Ngari virus

Virus classification
- (unranked): Virus
- Realm: Riboviria
- Kingdom: Orthornavirae
- Phylum: Negarnaviricota
- Class: Bunyaviricetes
- Order: Elliovirales
- Family: Peribunyaviridae
- Genus: Orthobunyavirus
- Species: Bunyamwera orthobunyavirus
- Virus: Ngari virus

= Ngari virus =

RNA virus

Ngari virus (NRIV) is a single-stranded, negative sense, tri-segmented RNA virus. It is a subtype of the Bunyamwera virus (BUNV) and closely related to the Batai virus (BATV). NRIV is the only reassortment virus of the subtypes.
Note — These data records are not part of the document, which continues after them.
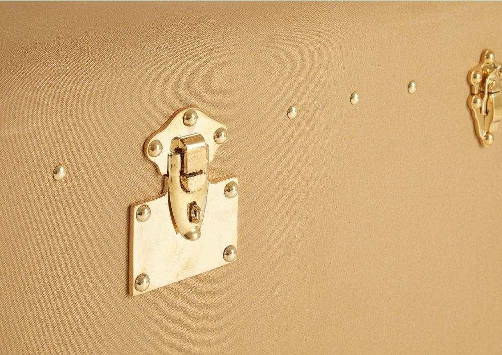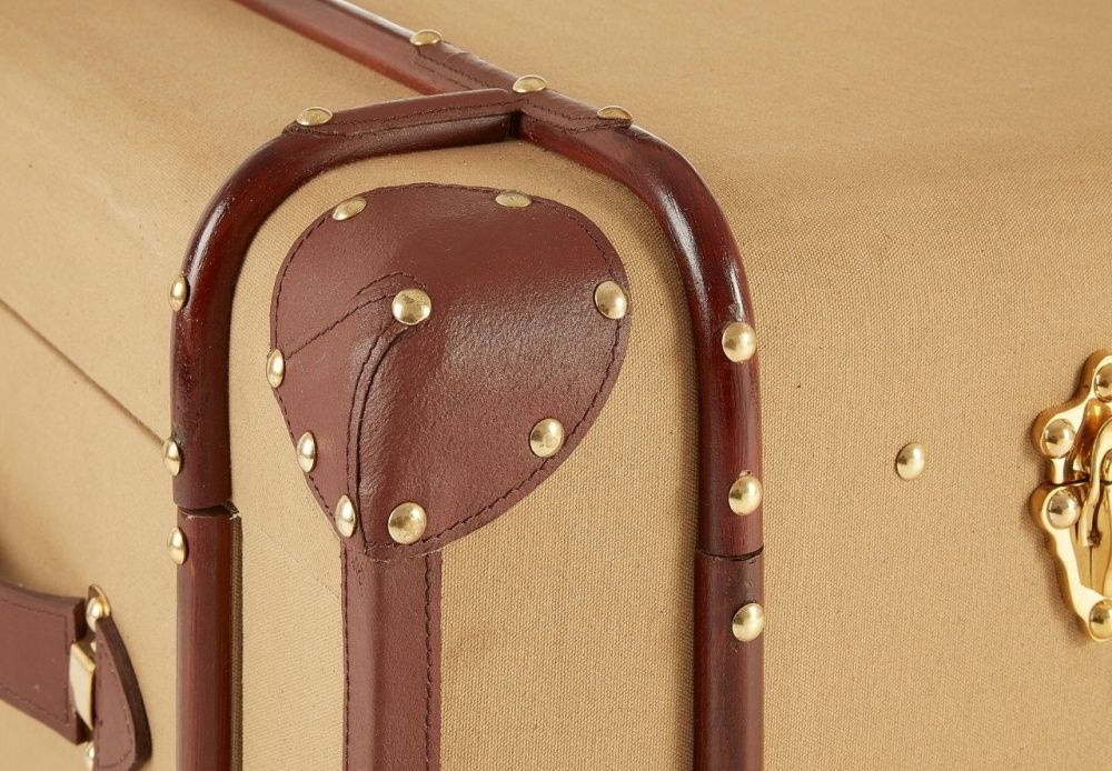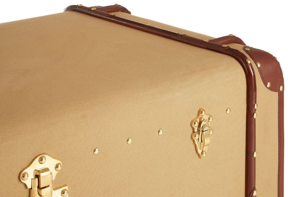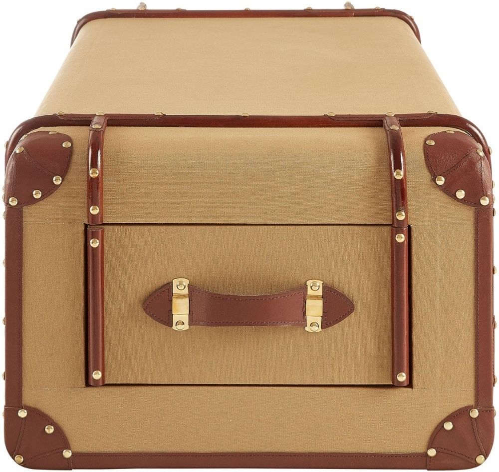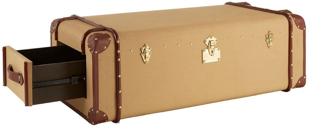 Item Code: 5501762 The Columbus coffee table evokes the glamour of vintage travel with its steamer trunk design.Its case is made from eco friendly mango wood and is covered with textured canvas. The canvas has a natural colour that complements the brown, genuine leather detail at the corners and sides. Its side drawers feature coordinating leather handles, while the stud detail complements the metal clasp locks that secure its lid.
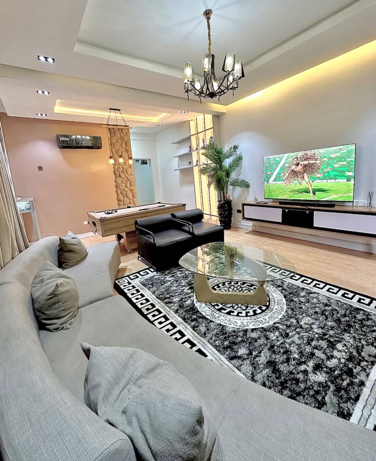 Pinewood suite , a contemporary 2 bedroom Apartment intentionally furnished with you in mind. The woodwork is unique and detailed to give our guests an unforgettable experience in a clean environment. It is furnished with smart Tv, smart door, fast and efficient wifi, Swimming pool, table tennis, snooker table, standby generator, solar powered inverter air conditioning units, water heaters and a fully equipped open plan kitchen concept. Have fun with the whole family at this stylish place.
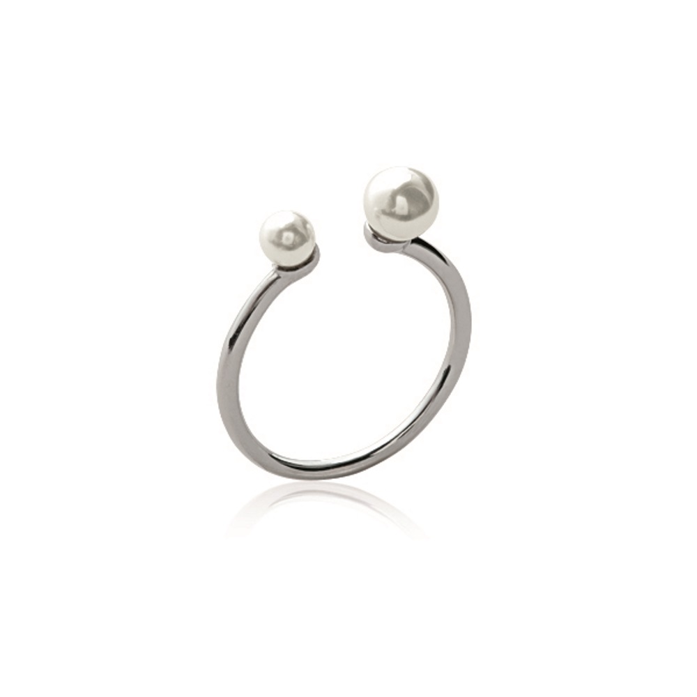 Bague en argent 925/000 rhodié et perles synthétiques.
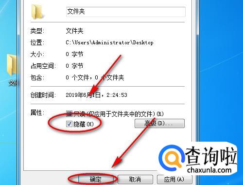 将属性选为“隐藏”,然后再点击下方的“确定”按钮。
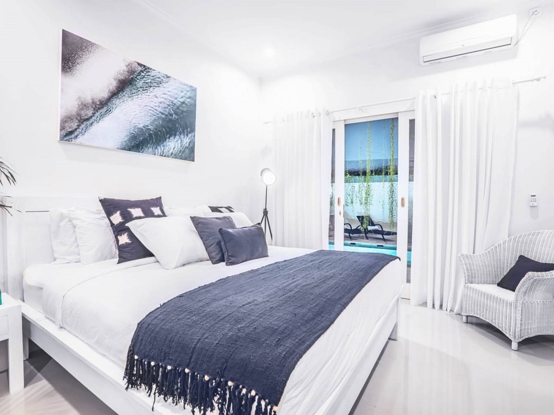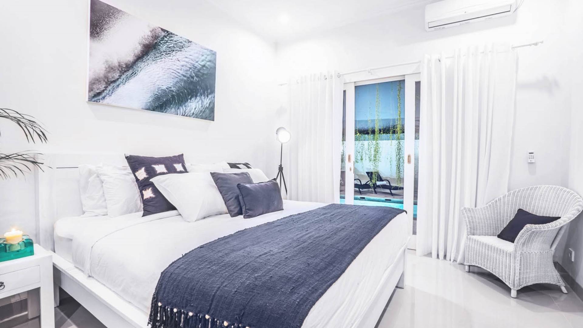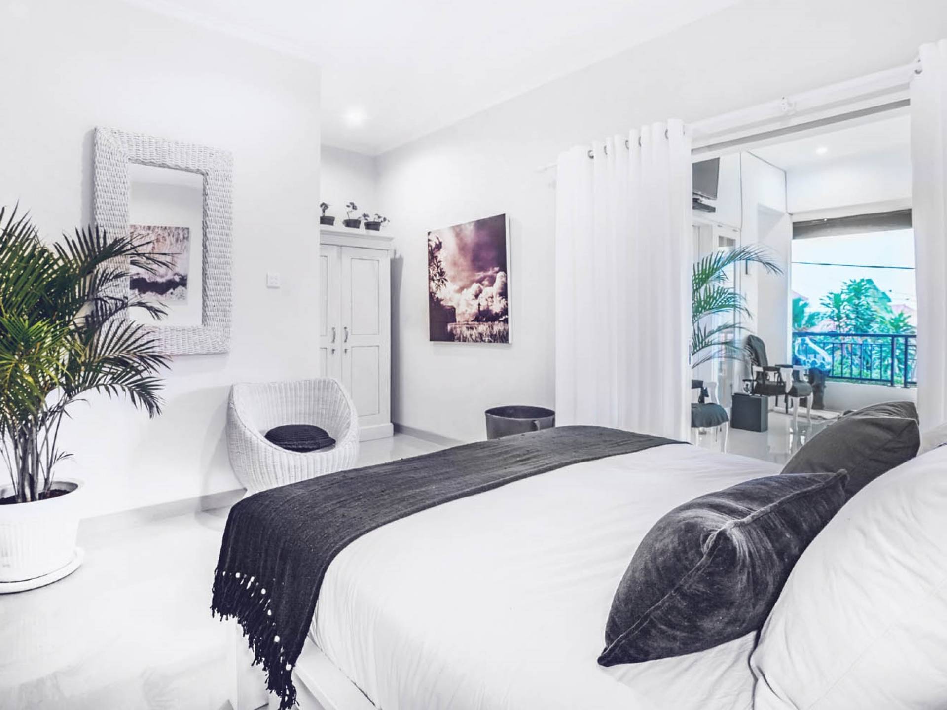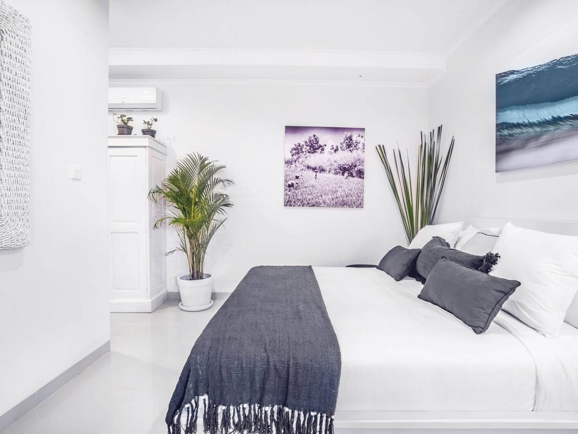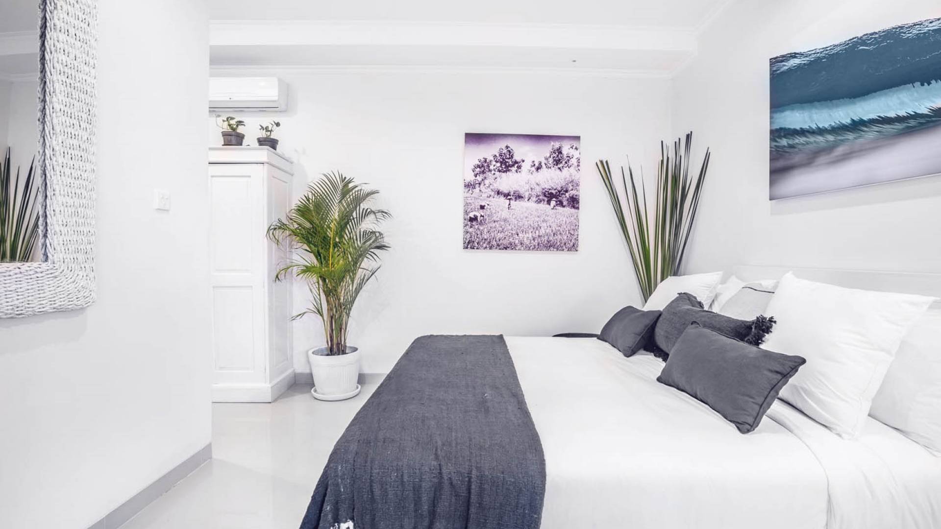 Alle drei Schlafzimmer in der Villa Vanilla sind modern, minimalistisch und komfortabel mit weichen Betten, luxuriöser Bettwäsche, weiß getünchten Kleiderschränken und eigenen Badezimmern. Sie können sich nach einem Tag draußen in der Hitze zurücklehnen und die kühle Klimaanlage genießen, ein entspannendes Mittagsschläfchen halten oder Ihr Lieblingsbuch lesen. Malerisch mit schwarzen und weißen Leinwänden und tropischem Grün dekoriert, ist es ein ruhiger Zufluchtsort. Sie werden die Villa Vanilla nie wieder verlassen wollen, um eine friedliche Nachtruhe zu gewährleisten.
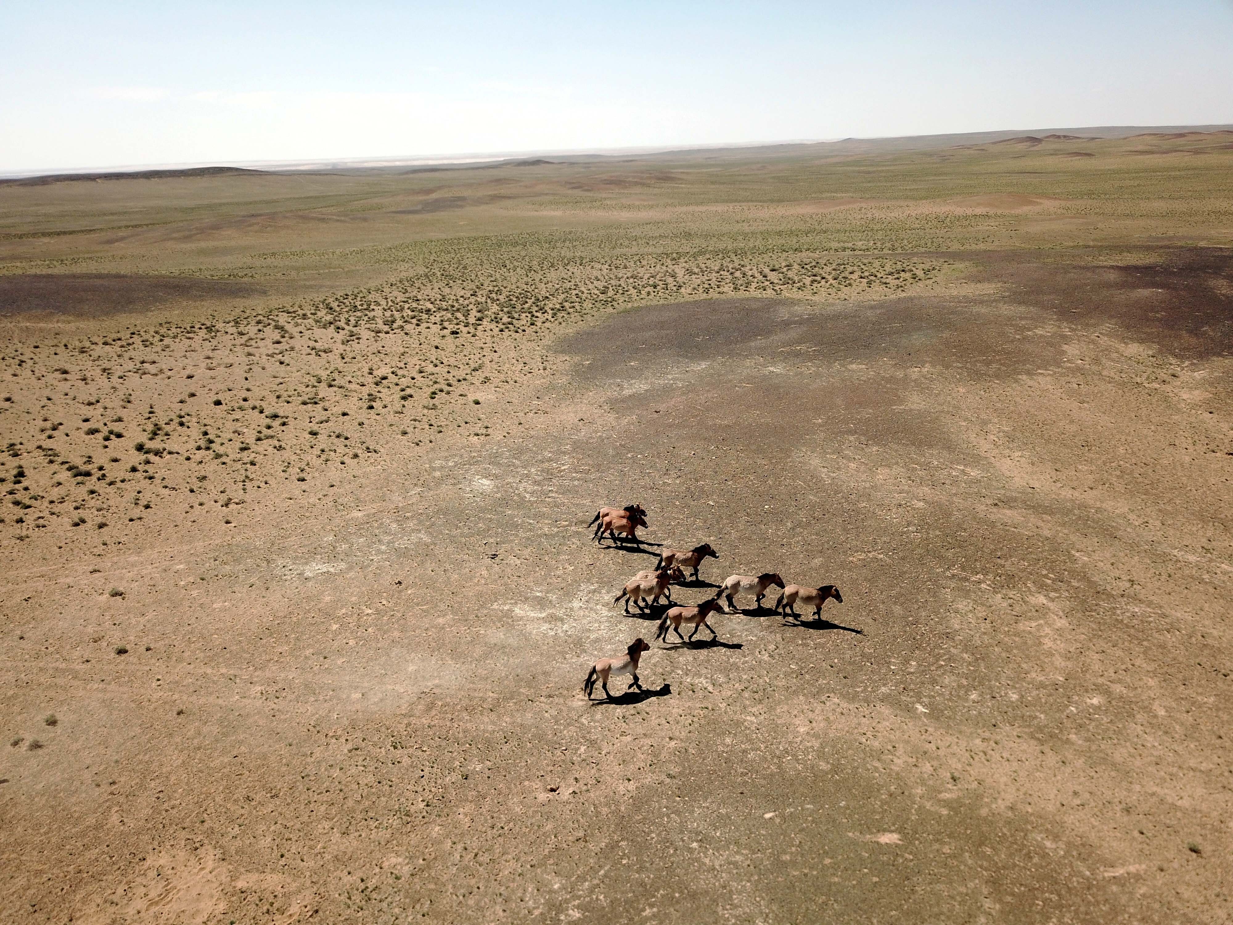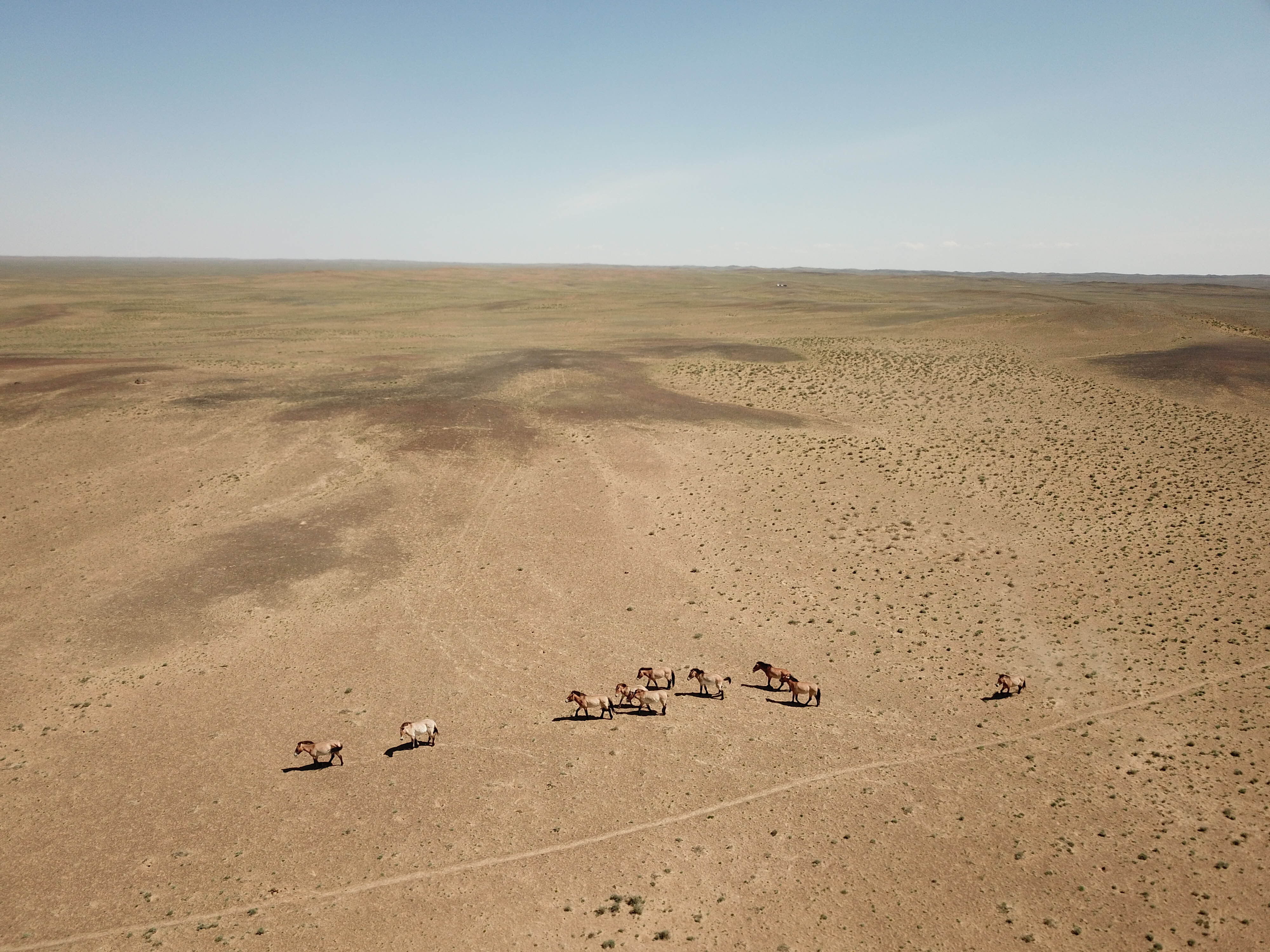 几公里外,巡护员阿达比亚特一脚踩在皮卡车侧缘,手握望远镜,对做记录的同伴念道:“(一共)18匹马,1匹成年雄性,8匹成年雌性,6只亚成体,3只幼体……”说罢,他跳下皮卡:“走吧,它们都挺好的,我们别再靠近了。”

There is evidence suggesting that NRIV stems from a naturally occurring reassortment event in which a host was infected with both BUNV and BATV. It is commonly found in areas that experience an outbreak of Rift Valley fever virus (RVFV)

== Transmission ==
The primary form of transmission of the virus to humans is through mosquitos. Although mosquitos are the primary source, the virus was also detected in Ixodid ticks found on cattle in Guinea but there is no evidence indicating that they are able to spread the virus. Furthermore, the virus has previously been found within goats and sheep in Mauritania.

== Geography ==
The virus has been reported primarily in African countries which include Mauritania, Senegal, Sudan, Central African Republic, DRC, Kenya, Somalia, South Africa, and Madagascar.

== Effects in Humans ==
Humans that are infected by the virus typically develop severe or fatal hemorrhagic fever.

== History ==
Ngari virus was first isolated in Senegal in 1979 from Aedes simpsoni mosquitos.